Wells Fargo’s (WFC) Financial Network, its independent-advisor unit, has raised its bonus awards for 2012 to encourage its roughly 1,100 advisors to grow their sales at a robust pace, according to FiNet President John Peluso (left). To be eligible for the award, advisors and teams must hit certain targets of net new assets and best-practice results, the executive said in a recent interview with AdvisorOne.
“This is part of our quality hurdles, and there is also a scoring system tied to several best practices,” said the FiNet executive. “This includes having written investment plans for clients, using bank solutions, employing written continuity plans and taking other steps to build client loyalty.”
Advisors who join FiNet by June 30 are eligible for the Voluntary Growth Opportunity Award program in 2013.
In 2011, the Innovation and Growth Team—consisting of 16 executive-level managers—was introduced to complement such efforts. The team is “focused on looking at ways to ensure business growth by designating a specific leadership team and resources for this goal,” Peluso said.
“In general, FiNet’s yearly growth target is to help FAs open up between 75 to 100 new practices a year. And we believe this is sustainable,” he said. “Including solo practitioners and teams, this entails about 140 to 200 advisors per year joining FiNet.”

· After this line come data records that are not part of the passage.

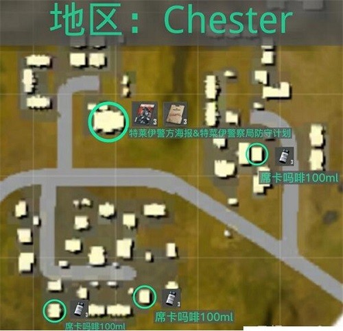 3、神秘甜点的任务需要大家找到席卡吗啡100ml*3,他们的具体位置如下所示;
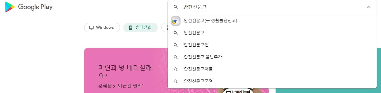 플레이스토어에 접속하여 안전신문고 애플리케이션을 검색합니다. 이 앱은 생활 속 불편사항을 신고할 수 있는 공식 어플리케이션으로, 과거 생활불편신고라는 이름에서 변경되었습니다.
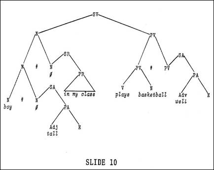 We have the same adjunction configuration that we have with prepositional phrases, only this time it is an adjective rather than a preposition which functions predicationally with boy. Again applying the principle of subjunction, we combine this adjunction configuration with the SV construction, and the result is as shown. Since the prepositional phrase discussed previously modifies tall boy rather than just boy, we include it in the tree diagram above the subjunction of the adjective to indicate the proper relationship of the two subjoined elements (Slide 9).In other words, since in my class is subjoined to the N node dominating tall boy, the tree diagram is to be read such that tall boy is modified by in my class; i.e. the entire lower configuration is modified by the prepositional phrase. By now it should be obvious that the manner adverb well, that modifies plays basketball, can be handled in essentially the same way (Slide 10).

An important trend, both he and experts say, is that larger teams—with above-average yearly fees and commissions—are exploring and moving to independence. “We should continue to see this trend and strong organic growth, i.e., same-store sales,” Peluso said.
“We want mature business owners to join us, and we are best positioned to help them grow the business,” said the executive, who joined the industry in 1988 at Wheat First Securities. “We hope to grow in the double digits going forward, in terms of revenue.”